Analyzing the Analyzers: An Introspective Survey of Data Scientists and Their Work (Paperback)

Harlan Harris, Sean Murphy, Marck Vaisman

相關主題

商品描述

There has been intense excitement in recent years around activities labeled "data science," "big data," and "analytics." However, the lack of clarity around these terms and, particularly, around the skill sets and capabilities of their practitioners has led to inefficient communication between "data scientists" and the organizations requiring their services. This lack of clarity has frequently led to missed opportunities. To address this issue, we surveyed several hundred practitioners via the Web to explore the varieties of skills, experiences, and viewpoints in the emerging data science community.

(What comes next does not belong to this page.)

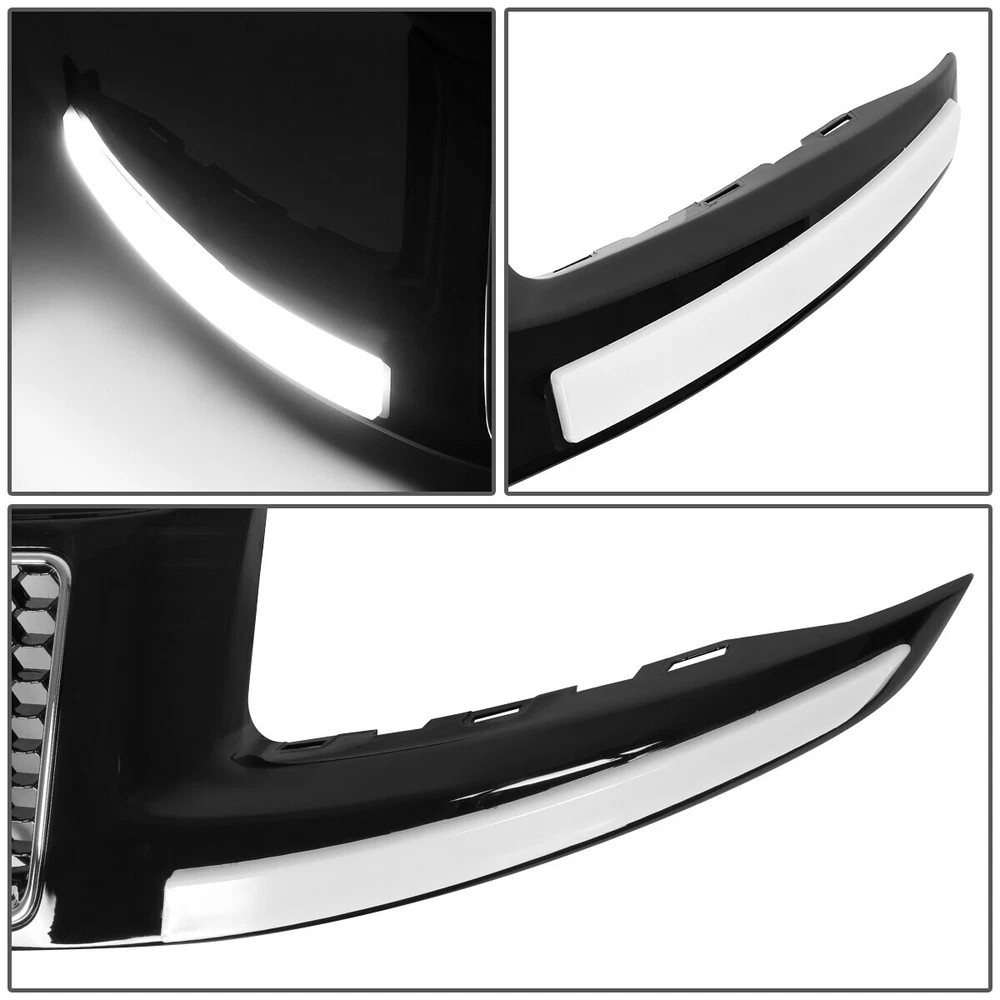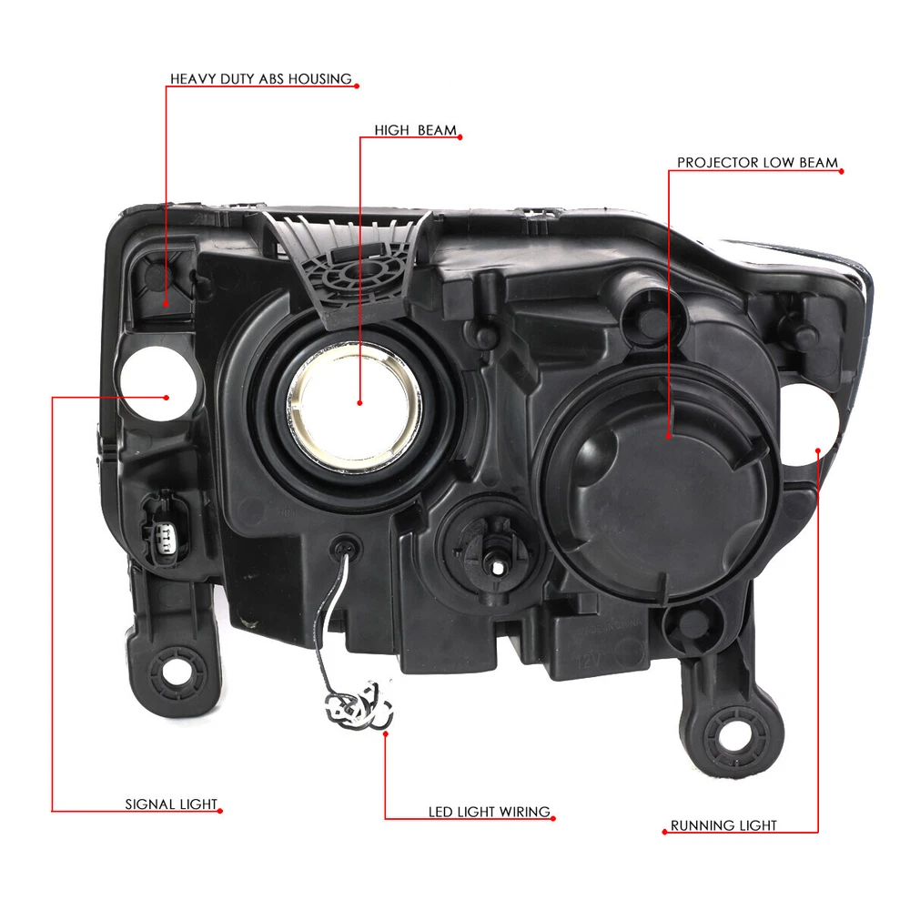Features: Projector Housing Material: ABS Plastic / Polycarbonate Lens UPC: Does not apply gtin13: Does not apply Lens Color: Clear Lens / Clear Reflector LED Energy: 12V Style: LED DRL / SRT Grille Bulbs Included: No Voltage: 12V Bulb Shape Code: H1 High / Low Beam Fitment Type: Direct Replacement OE/OEM Part Number: CH2502247 CH2503247 20952900 20953000 Interchange Part Number: 68110997AD Lighting Technology: Halogen Housing Color: Black Mounting Style: Screws Manufacturer Part Number: SDD-HLHPLJGC14BKCL1+GRFLBBK Light Color: White Type: Headlight Assembly Items Included: Driver & Passenger Side Headlights, Front Grille Brand: Speed Daddy Placement on Vehicle: Front

We used dimensionality reduction techniques to divide potential data scientists into five categories based on their self-ranked skill sets (Statistics, Math/Operations Research, Business, Programming, and Machine Learning/Big Data), and four categories based on their self-identification (Data Researchers, Data Businesspeople, Data Engineers, and Data Creatives). Further examining the respondents based on their division into these categories provided additional insights into the types of professional activities, educational background, and even scale of data used by different types of Data Scientists.

In this report, we combine our results with insights and data from others to provide a better understanding of the diversity of practitioners, and to argue for the value of clearer communication around roles, teams, and careers.

商品描述(中文翻譯)

近年來,「資料科學」、「大數據」和「分析」等活動引起了極大的興趣。然而,對於這些術語以及從業人員的技能和能力缺乏明確的定義,導致「資料科學家」和需要他們服務的組織之間的溝通效率低下。這種缺乏明確性經常導致錯失機會。為了解決這個問題,我們通過網絡對數百名從業人員進行了調查,以探索新興資料科學社區中的技能、經驗和觀點的多樣性。

我們使用降維技術將潛在的資料科學家分為五個類別,根據他們自評的技能集(統計學、數學/運籌學、商業、編程和機器學習/大數據),並根據他們的自我認同分為四個類別(資料研究人員、資料業務人員、資料工程師和資料創意人員)。進一步根據這些類別對受訪者進行分析,可以提供有關不同類型資料科學家的專業活動、教育背景甚至使用的數據規模的更多洞察。

在本報告中,我們將我們的結果與其他人的見解和數據相結合,以更好地理解從業人員的多樣性,並主張在角色、團隊和職業生涯方面進行更清晰的溝通的價值。